Низко над избами кружил самолет. Он был неуклюжий, похожий на книжную этажерку; мотор тарахтел, словно швейная машинка. На крыльях были красные звезды.
Елена Владимировна подышала на окно, потерла платком мутное стекло и снова посмотрела. Ровными, медлительными кругами плыл самолет, а на крыльях — красные звезды.
Она вдруг догадалась, что летчик высматривает с высоты, нет ли в деревне немцев. Задыхаясь от волнения, Елена Владимировна вытащила из комода красную, в розах, ковровую шаль, накинула на плечи, вышла торопливо из дому и остановилась посредине улицы. И глухой рокот мотора на миг затих в вышине. На широко распростертых крыльях, словно огромная птица, самолет скользнул вниз. Два больших тюка выпали из кабины, и ветер снес их в овраг.
И Елена Владимировна побежала за ними. Она уже не видела, как приветливо замахал ей рукой летчик, как скрылся за облаками самолет… Она бежала, увязая, барахтаясь в глубоком снегу, падала и снова поднималась.
Два больших, зашитых в холст и туго стянутых бечевками тюка лежали у корней сломанной березы.
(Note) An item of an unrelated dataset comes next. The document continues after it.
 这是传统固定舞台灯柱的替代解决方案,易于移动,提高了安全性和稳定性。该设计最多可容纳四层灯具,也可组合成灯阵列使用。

Крупными буквами на них было написано: «Учебники, тетради, карандаши школьникам деревни Светлый Ручей».
Елена Владимировна стояла на коленях у березы, не чувствуя, как снег обжигает ее ноги, и, взволнованная, растроганная, с тяжело бьющимся сердцем, ждала бегущих к ней из деревни школьников.
ВОСПОМИНАНИЯ ВОЕННЫХ ЛЕТ
Наша дивизия отступала, я с нею отступал последним. Накануне, в бою, взрыв вражеского снаряда легко, словно тряпичную, набитую опилками куклу, взметнул меня вверх, а затем с размаху шваркнул о булыжник шоссе.
Как меня не раздавили здесь — до сих пор не пойму.
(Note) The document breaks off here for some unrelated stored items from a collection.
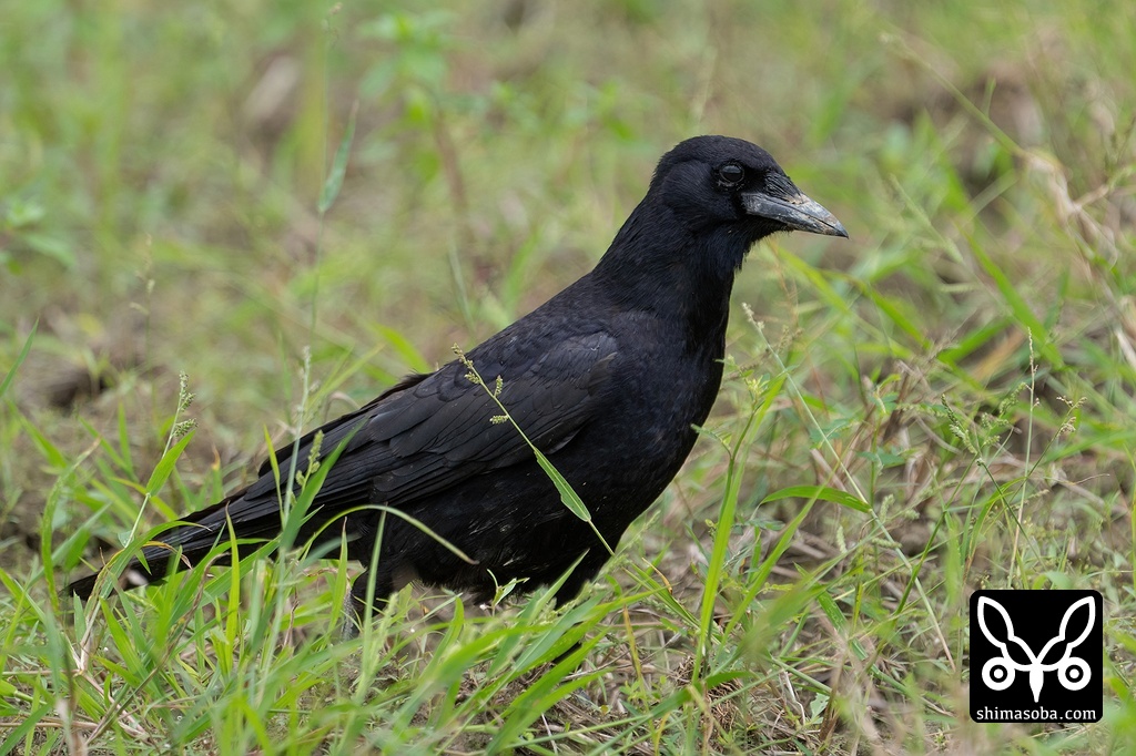 以前は、冬になるとある程度の群れで飛来していたミヤマガラスがここ数年は確認できずにいましたが、今季は3羽がやってきました。時折、オサハシブトガラスの群れと合流していました。
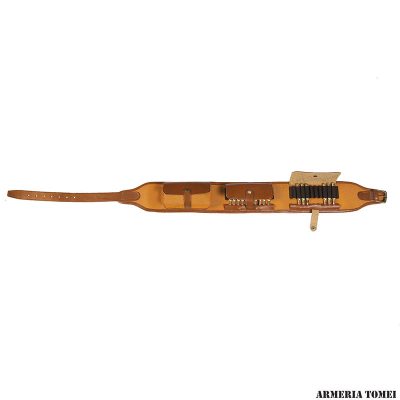 Cartuccera in cordura dupont per carabina con attacchi e inserti in pelle. 2 patte con 10 celle elastiche cadauna con para ogiva. Porta caricatore con pattina in pelle e chiusura a bottone a pressione. Fibbia a rullo fissata con cuciture. Dimensioni: spessore pelle mm 2,8-3,0, larghezza mm 32, lunghezza max cm 125. Colore orange. Made in Italy. La colorazione della pelle, essendo eseguita in maniera naturale, può subire delle leggere variazioni di tonalità.
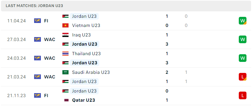 Phong độ đội bóng U23 Jordan vs U23 Qatar
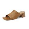 Krazing Pot Naturalne skórzane podstawowe stylowe muły z odkrytymi palcami średnie obcasy letnie buty rzymskie tkane zdobienie damskie sandały
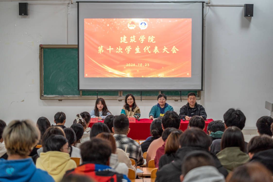10月23日,建筑学院第十次学生代表大会在敏行楼C102报告厅顺利召开。建筑学院党委副书记谢宜勤出席大会并致辞。学院有关教师、大会主席团成员和学生代表参加大会,会议由学生会指导老师武辉主持。

Очнулся я ночью в кювете. Вероятно, какой-то шофер оттащил меня за ноги в канаву.
Всю ночь и почти весь день я и провалялся тут. На шоссе скрипели отходящие обозы, словно множество точильщиков точили ножи. Я не мог двигаться, не мог говорить, стонать. Живыми в моем теле были глаза. Только глаза вбирали, впитывали прохладу ночи. Потом мне показалось, что я лежу под цветущей яблоней, но это была не яблоня, а фосфоресцирующее звездное небо.
На рассвете обильная роса смочила мое лицо, но я не смог, как ни пытался, облизать губы, чтобы хоть слегка утолить жажду, и тяжелые, словно оловянные, капли лежали на мне, как на придорожном камне, пока не испарились.
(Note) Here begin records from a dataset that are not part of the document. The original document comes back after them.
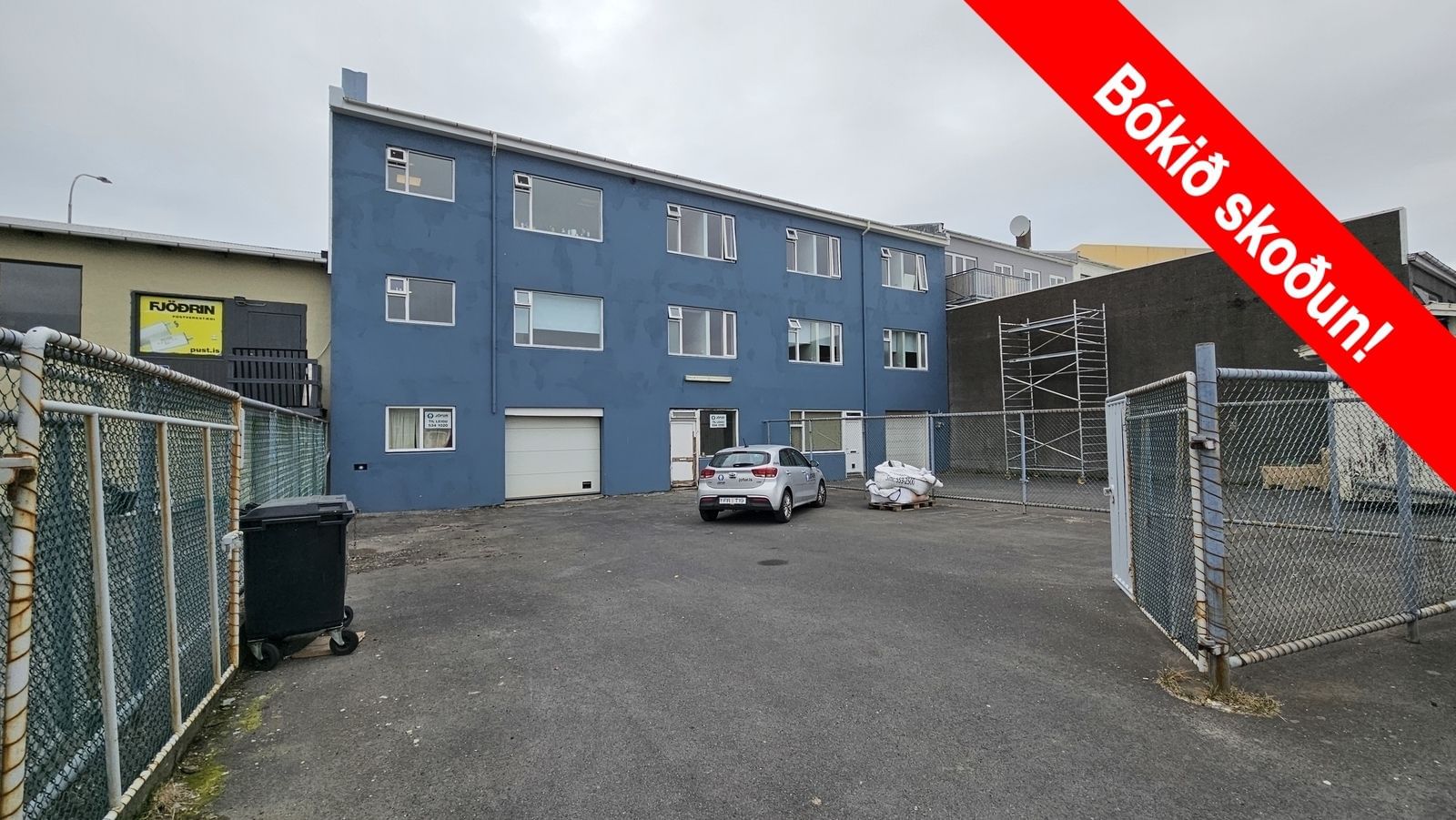 Afgirt malbikað bílaplan er við húsnæðið.
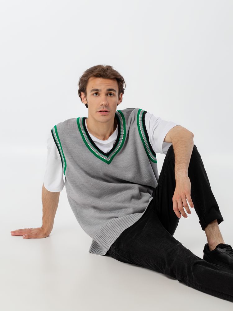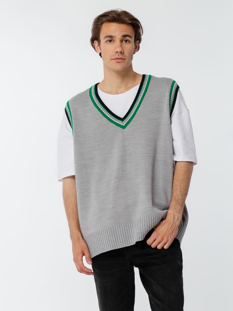 Оверсайз жилет с V-образным вырезом и цветной отделкой.
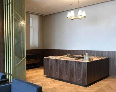 The reception desk is on the right side of the entrance, and clothes and hats storage and catering services are provided. Two groups of waiting areas are set on the left side of the entrance.

А днем солнечные лучи через глаза, как через капилляры, начали насыщать мое тело жизнью, и я пробудился от забытья.
Рассказывать, как я сперва полз, а потом передвигался на четвереньках, словно кошка с перешибленным хребтом, а потом ковылял, цепляясь за кусты и ветки деревьев, — утомительно и неинтересно.
К вечеру я, опираясь на выломанную из плетня жердь, уже шагал, медленно, очень медленно.
Было тихо, как в театре перед самым поднятием занавеса, и когда я увидел старинный готический собор, а вокруг него приземистый одноэтажный русско-польско-еврейский городок, то мне показалось, что присутствую на опере «Тарас Бульба».